Cheers all, and thanks again.
Marcus,
I assume the other book of the same name is the one by Joe Abercrombie. I agree – it’s very good. Now I have to read yours.
I’m in the same boat with the name confusion, but it’s cool–I have two more books on my “must read” list, that just happen to have the same name. And it’s a very cool name, I might add.
Thanks, Marcus, for the post!
I liked the sample on your website enough to add your books to my wish list. I also dug your “read this suckas” list, you managed to make a few sales for some other authors. Love me some book pimpage.
Marcus,
We meet at last.
I’m very glad you enjoyed the REAL Blade Itself. I must send you an ARC of my latest effort, in which an unloved orphan discovers he is actually a powerful wizard responsible for saving the world.
It is called: “At the Edge of the City.”
Sometimes I don’t know where the ideas come from…
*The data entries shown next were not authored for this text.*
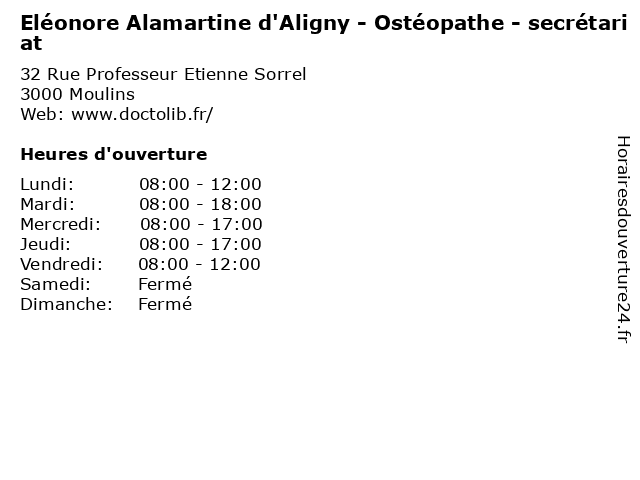 Termes de recherche pour Eléonore Alamartine d'Aligny - Ostéopathe - secrétariat:medecine, eléonore, secretariat, docteur, médecin, ostéopathe, alamartine, d'aligny |
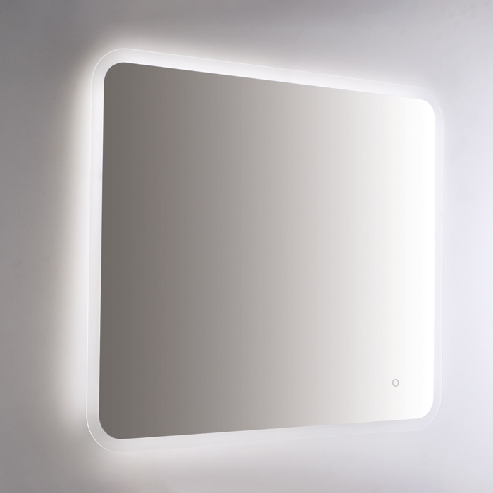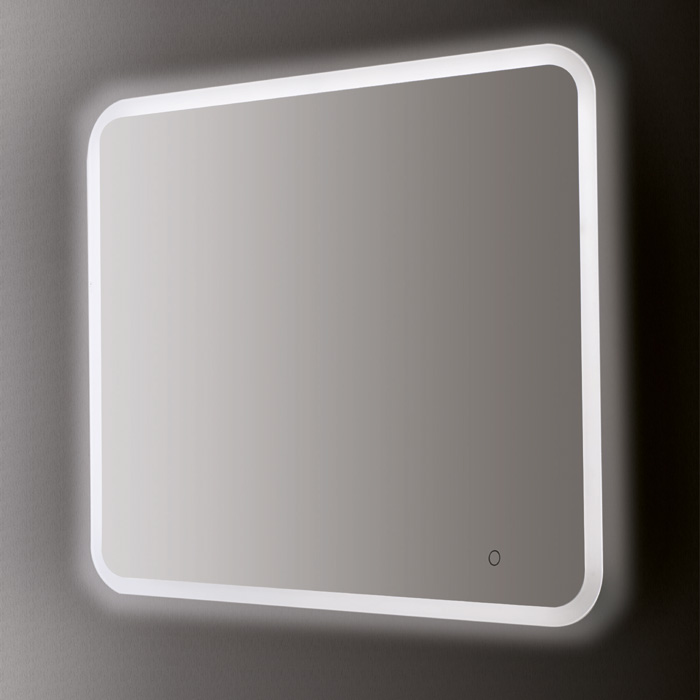 Stensko ogledalo, pravokotne oblike z zaobljenimi robovi, z LED ambientalno osvetlitvijo zadaj, upravljanje (vklop/izklop) na dotik s pomočjo stikala na senzor ter funkcijo zatemnitve. Ogledalo je reverzibilno in se ga lahko namesti pokončno ali ležeče. Obrobni pas ogledala je zaključen s peskanjem.
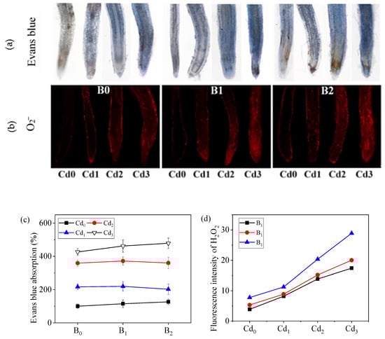 Plasma membrane integrity of amaranth root tips under different treatments (a), ·O2– fluorescence localisation staining (b), Evans blue absorption (c), and fluorescence intensity (d). (Cd0–Cd3 represent Cd concentrations of 0, 0.1, 1, and 5 mg/L, respectively. B0–B2 represent BDE–153 concentrations of 0, 5, and 20 μg/L, respectively).
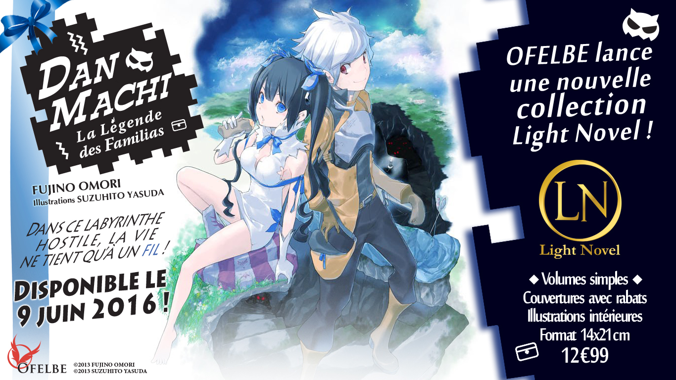 Les éditions Ofelbe ont annoncé la sortie du premier tome du light novel DanMachi – La légende des Familias (Dungeon ni Deai o Motomeru no wa Machigatte Iru Darou ka) pour le 9 juin 2016.
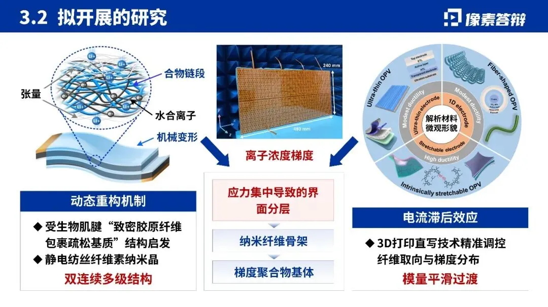 拟开展的研究将聚焦动态应力场下离子溶剂化结构演变,发展多物理场耦合下的离子输运本构模型。同时,受生物肌腱结构启发,通过3D打印直写技术精准调控静电纺丝纤维素纳米晶的双连续多级结构,实现模量平滑过渡与离子浓度梯度,进一步推动柔性忆阻器性能突破。

Best of luck with the new book, man.
Joe, you actually just made me spit water on my keyboard. And thus our rivalry deepens… ;)
Thanks for the good wishes, brother. Nice to “meet” at last.
And Clay, thanks! Hope you enjoy.
I just wanted to pass along that Marcus Sakey gave an awesome interview on our site on Monday. He was really funny, easy to listen to, and very insightful about quite a lot of unexpected things. Sort of Yoda or Zen insightful. Great interview, archived on blogtalkradio’s Coffee with an Author and on the home page for Ijustfinished.com.